Na het plaatsen van de palen zijn de wanden van de gekopieerde structuur verplaatst. Aan de noord- en zuidwanden is met Loop Cuts een aantal rijen hoekpunten toegevoegd. Elke verticale rij hoekpunten is hierbij ten midden van de desbetreffende paal geplaatst zodat de wand precies de palen volgt. Aan de zuid- en noordkanten van het gebouw is het face van de wand tussen de twee middelste palen geselecteerd en verwijderd om als ingangen tot het huis te dienen. De locatie van de ingangen zijn op de veldtekening niet weergegeven (zie figuur 3

2) en worden verder door Waterbolk niet vermeld. De twee tegenover elkaar gelegen ingangen waarvan dit model gebruikt maakt zijn om deze reden gebaseerd op huisplattegronden uit Fochteloo, Noordbarge, en Hijken.104 Doordat de wand objecten gekopieerd zijn vanuit een

bestaande structuur hebben deze kopieën ook alle materialen en unwraps behouden. Doordat de noord- en zuidwanden meerdere malen verlengt zijn, zijn deze objecten echter opnieuw

unwrapped om een juiste projectie van het materiaal op het oppervlak te krijgen.

4.4.4 Dak

Voor het dak van het huis is een Plane object aan de scène toegevoegd. Dit object is gedraaid in dezelfde richting als het huis en verlengt en verbreedt tot het de omtrek van de structuur uit het object GRONDSPOREN_EN_STRUCTUREN_curve_ omvat. In de breedte zijn vervolgens vier Loop

Cuts toegevoegd en in de lengte acht Loop Cuts. De Loop Cuts in de breedte zijn bij het

toevoegen op een kleine afstand van elkaar door het midden van het object geplaatst (zie figuur 34 en 35). Dit is nodig omdat in een later stadium een opening gemaakt is in de korte zijde van het dak in het vermoedelijke woongedeelte van het gebouw aan de westelijke kant.105 Bij het

toevoegen van de Loop Cuts in de lengte zijn bij de ingangen van het gebouw deze hoekpunten dichter bij elkaar geplaatst om het dak boven de ingangen te verhogen. Na het toevoegen van de Loop Cuts zijn de middelste 3 rijen van hoekpunten langs de Z-as verhoogt om het dak vorm te geven. Vervolgens zijn de hoekpunten op de noordoostelijke, zuidoostelijke, noordwestelijke, en zuidwestelijke hoeken van het object individueel geselecteerd en met het Extrude commando in het verlengde van de rand van het dak geplaatst. Aan de noord- en oostzijde zijn vervolgens de drie buitenste hoekpunten van de nok van het dak geselecteerd en tweemaal met het Extrude commando verplaatst. De eerste verplaatsing is hierbij maar een aantal centimeter naar buiten terwijl de tweede verplaatsing de hoekpunten ongeveer 50 centimeter naar buiten verplaatst heeft. De reden dat bij het eerste gebruik van Extrude de aangemaakte hoekpunten maar een aantal centimeter zijn verplaatst, is omdat deze verbonden worden met de eerder aangemaakte hoekpunten aan de onderste rand van het dak om het dak af te ronden. Omdat aan het dak later

een Subdivision Surface Modifier is toegevoegd is het nodig om deze rand hoekpunten toe te voegen zodat het dak de juiste vorm behoudt. Vervolgens zijn, zoals eerder vermeld, de

hoekpunten aan de onderste rand van het dak verbonden aan de nok door deze te selecteren en een face toe te voegen (zie figuur 34).
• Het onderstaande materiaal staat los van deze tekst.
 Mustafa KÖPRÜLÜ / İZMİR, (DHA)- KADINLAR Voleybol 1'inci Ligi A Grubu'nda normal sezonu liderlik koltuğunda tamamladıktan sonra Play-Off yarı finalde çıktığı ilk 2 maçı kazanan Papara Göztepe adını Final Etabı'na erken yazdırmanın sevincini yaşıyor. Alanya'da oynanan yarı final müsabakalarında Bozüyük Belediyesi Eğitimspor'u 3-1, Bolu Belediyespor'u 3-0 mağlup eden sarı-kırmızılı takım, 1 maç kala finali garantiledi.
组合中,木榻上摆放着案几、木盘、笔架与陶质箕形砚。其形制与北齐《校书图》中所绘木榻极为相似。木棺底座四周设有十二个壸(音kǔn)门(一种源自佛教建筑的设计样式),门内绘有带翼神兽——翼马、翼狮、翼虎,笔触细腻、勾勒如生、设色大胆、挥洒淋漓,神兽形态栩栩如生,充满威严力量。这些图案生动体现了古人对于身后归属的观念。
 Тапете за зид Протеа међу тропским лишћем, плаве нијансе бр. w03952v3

Figuur 34: Wireframe bovenaanzicht van het gebouw Str16 met als selectie de hoekpunten waaraan een face wordt toegevoegd.
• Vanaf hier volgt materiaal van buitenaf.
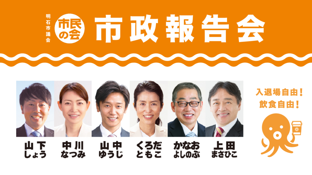 明石市議会「市民の会」による市政報告会です。今回のテーマは、①令和6年度決算審査、②かねてよりその必要性を訴えていた「こども夢応援プロジェクト」補正予算、③10月に会派全員で行った国会要望について。私たちが会派結成時から大事にしている『市民目線』で、いまの市政についてわかりやすくお伝えします。飲食&入退場も自由です。子育てやお仕事など、会場まで足を運ぶのが難しい方々のためにXでのオンライン配信も予定しています。
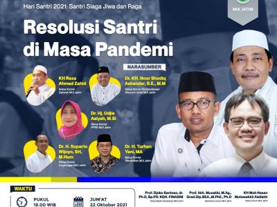 Webinar Seri Literasi Pandemi MUI Jatim Spesial Hari Santri  “Resolusi Santri di Masa Pandemi” Hari : Jum'at, 22 Oktober 2021 Pukul : 19.00 WIB  Sambutan PengarahanKH. Moh. hasan Mutawakkil Alallah, S.H., MM. (Ketua Umum MUI Jatim) PengantarProf. Djoko Santoso, dr. Ph.D, Sp.PD. KGH. FINASIM (Ketua Badan Kesehatan MUI Jatim) Pemateri:1. KH. Reza Ahmad Zahid (Ketua Komisi Dakwah MUI Jatim)2. Dr. KH. Noor Shodiq Askandar, S.E., M.M (Ketua Komisi Pemberdayaan Ekonomi Umat MUI Jatim)3. Dr. Hj. Udjie Asiyah, M.Si (Ketua Komisi Pemberdayaan Perempuan, Keluarga, dan Remaja MUI Jatim)4. Dr. H. Suparto Wijoyo, S.H., M.Hum (Ketua Lembaga Pemuliaan Lingkungan Hidup - SDA MUI Jatim)5. Dr. H. Turhan Yani, MA (Ketua Komisi Pendidikan dan Kaderisasi Ulama MUI Jatim) Moderator: Dr. Hj. Muslihati, S.Ag., M.Pd Link Zoom: https://us02web.zoom.us/j/87812764039?pwd=RmIrMUhzd3B1bDJzL2Z3UkxHNXRwdz09Meeting ID: 878 1276 4039Passcode: MUIJTM Form pendaftaran peserta: https://bit.ly/DaftarWebinarMUISpesialHariSantri
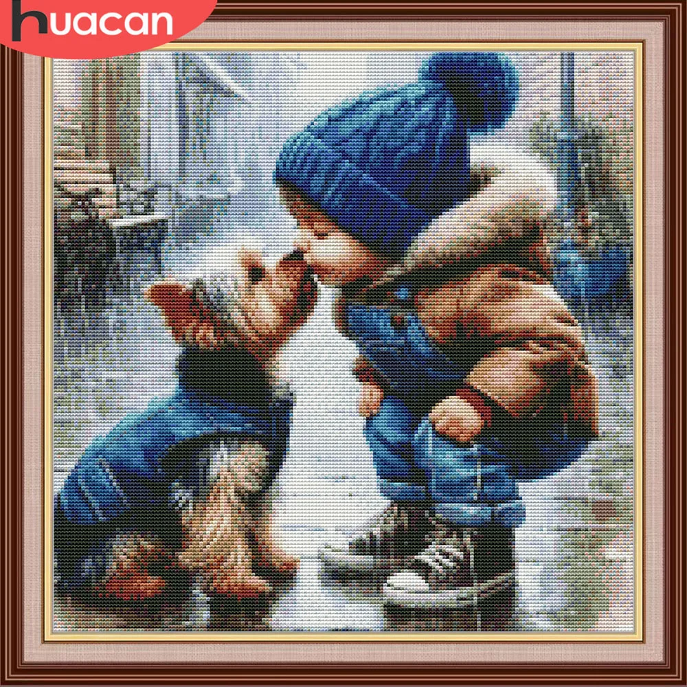 HUACAN Kellemetlenség Hímzés sets Elárusítónő Csín Arckép Kellemetlenség Bevarr Állat Hobbi kézműves 11ct Ábra Imprimé kelme Filmtéma fali dekor
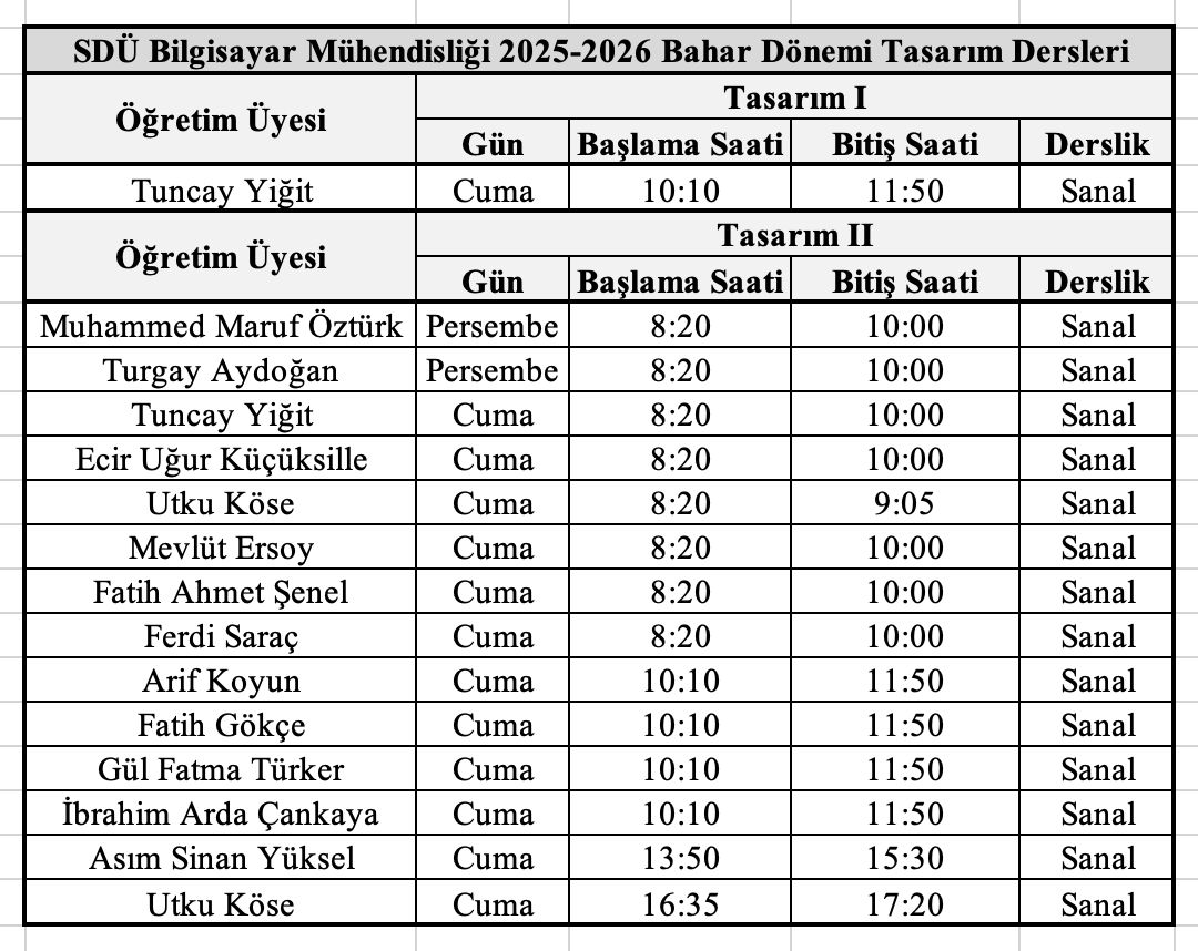 Not 2: Ders saatlerinde ve günlerinde gerçekleşebilecek değişiklikler için güncel sayfayı belirli aralıklarla kontrol ediniz.

Zodra dit bij alle vier de hoeken van het gebouw is uitgevoerd, is ook een face toegevoegd aan de korte zijden van het dak aan de oost- en westkant. Dit is op dezelfde wijze gebeurt als het toevoegen van het eerdere face na het selecteren van de betreffende hoekpunten (zie figuur 35).
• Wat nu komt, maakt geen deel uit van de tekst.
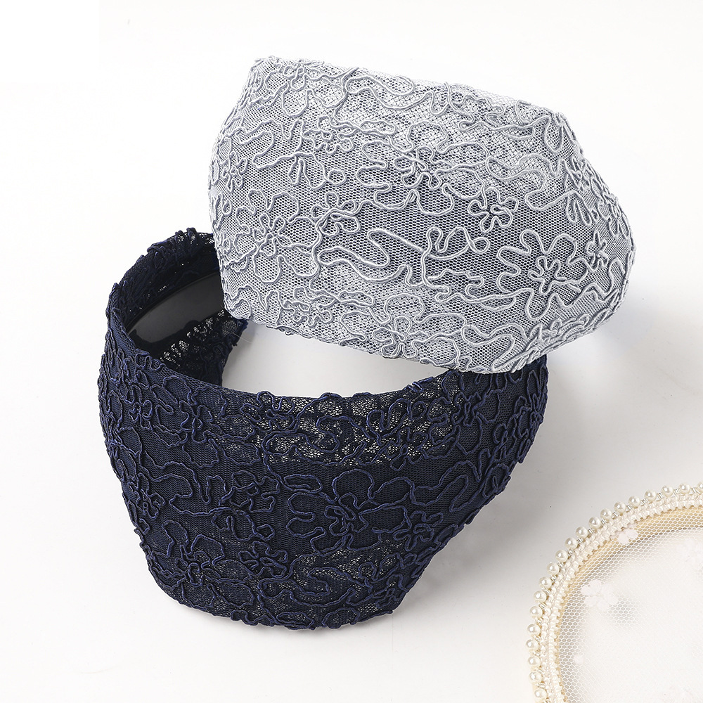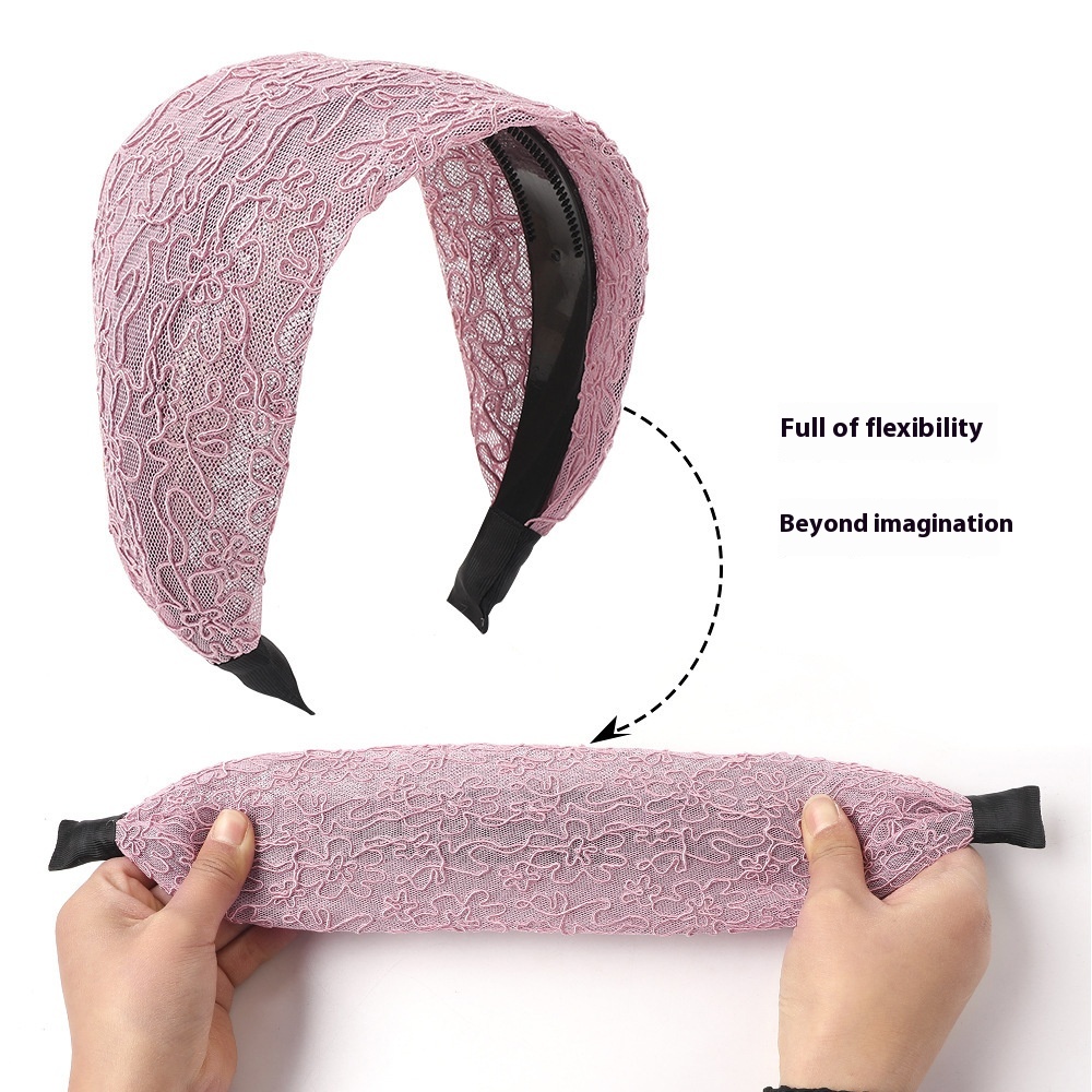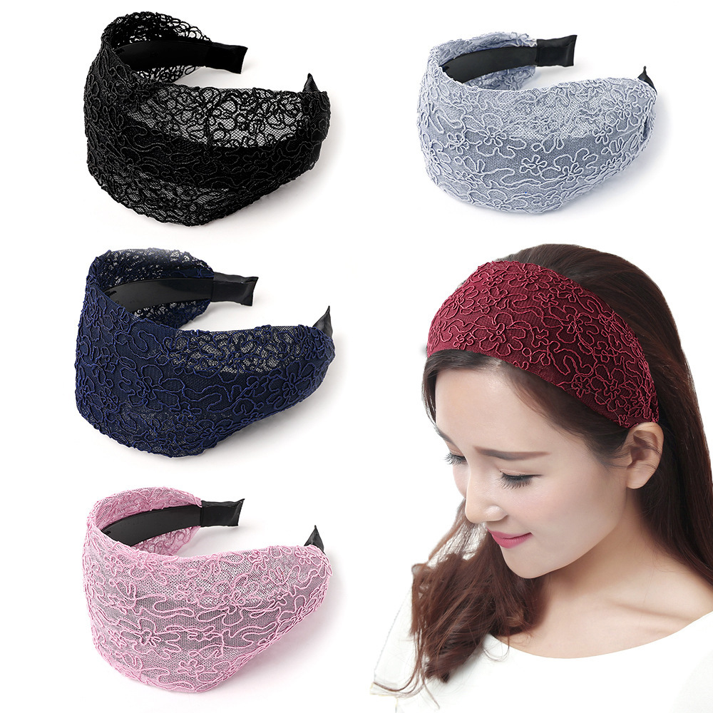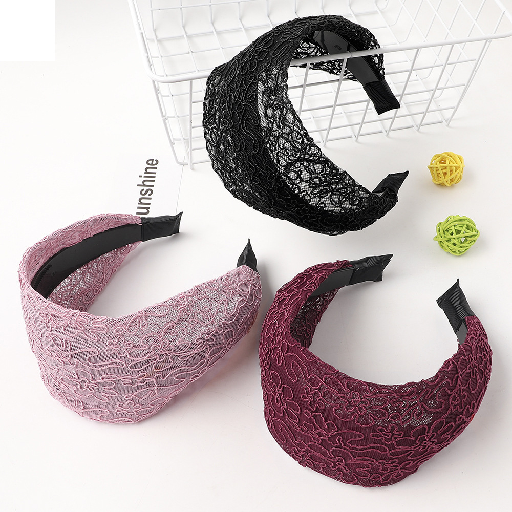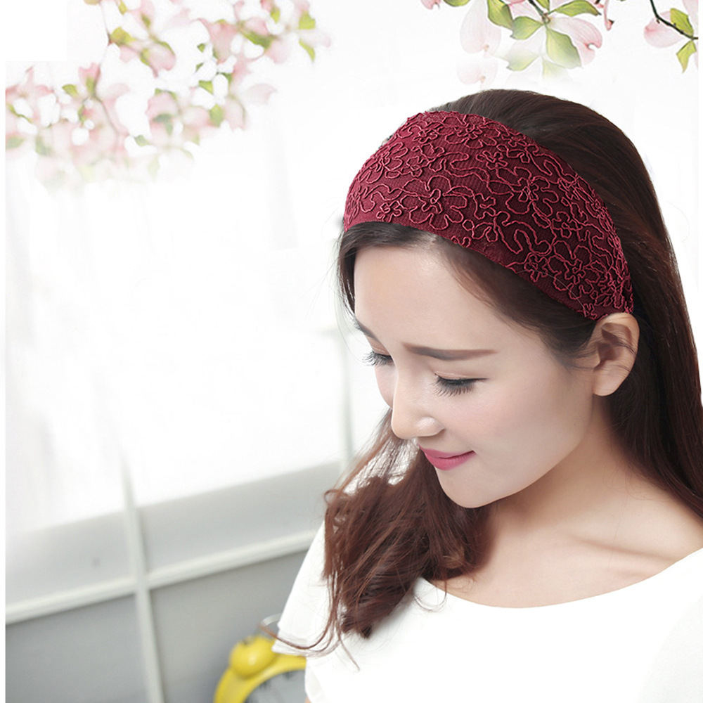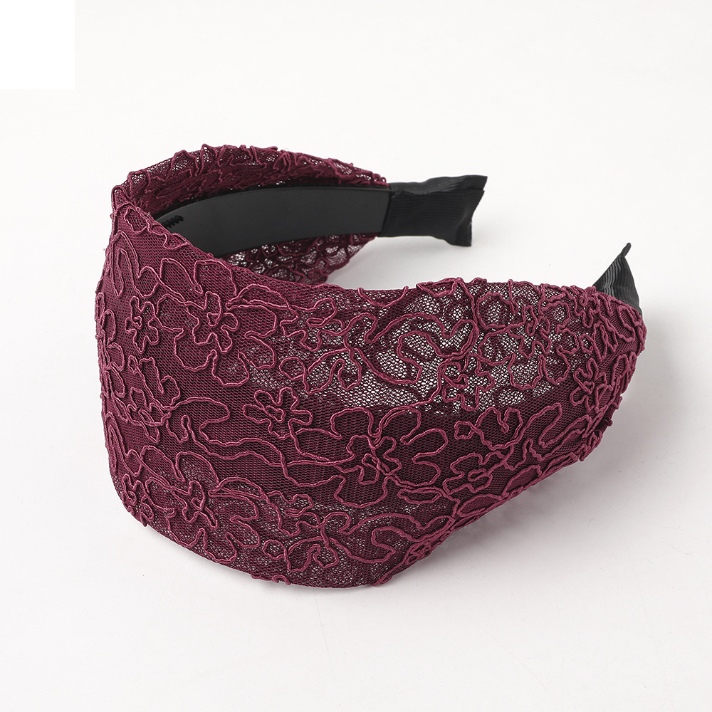 Color: yarn silk lace wide headband-black, yarn silk lace wide headband-dark blue, yarn silk lace wide headband-wine red, yarn silk lace wide headband-pink

Figuur 35: Wireframe bovenaanzicht van het gebouw Str16 met als selectie de hoekpunten waaraan een face wordt toegevoegd.

In het toegevoegde face aan het uiteinde van het dak is met het Knife commando een horizontale snede gemaakt om een opening voor ventilatie in het dak te creëren, zoals ook aanwezig is bij reconstructies van ijzertijdboerderijen in Orvelte, het Wekeromse Zand, en Dongen. Deze snede is ongeveer 50 centimeter onder de nok van het dak gemaakt, waardoor het face in twee verschillende faces is opgedeeld. De bovenste van deze twee nieuwe faces is hierbij

verwijderd om de opening in het dak te maken. Vervolgens is het onderste hoekpunt van deze opening, door het aanbrengen van een face, verbonden met het eerder aangemaakt

overhangende deel van de nok. Dit heeft een overkapping over de opening in het dak gecreëerd (zie figuur 36). Deze handeling is aan beide kanten van de opening uitgevoerd.

Figuur 36: Wireframe bovenaanzicht van het gebouw Str16 met de hoekpunten waartussen een face wordt toegevoegd geselecteerd.

Om de delen van het dak die zich direct boven de ingangen van het gebouw bevinden te verhogen, zijn per ingang de twee hoekpunten boven deze ingang met ongeveer 1,5 meter langs de Z-as omhoog verplaatst (zie figuur 38). De Subdivision Surface Modifier die later aan het object is toegevoegd zorgt ervoor dat deze verhoging van het dak afgerond wordt.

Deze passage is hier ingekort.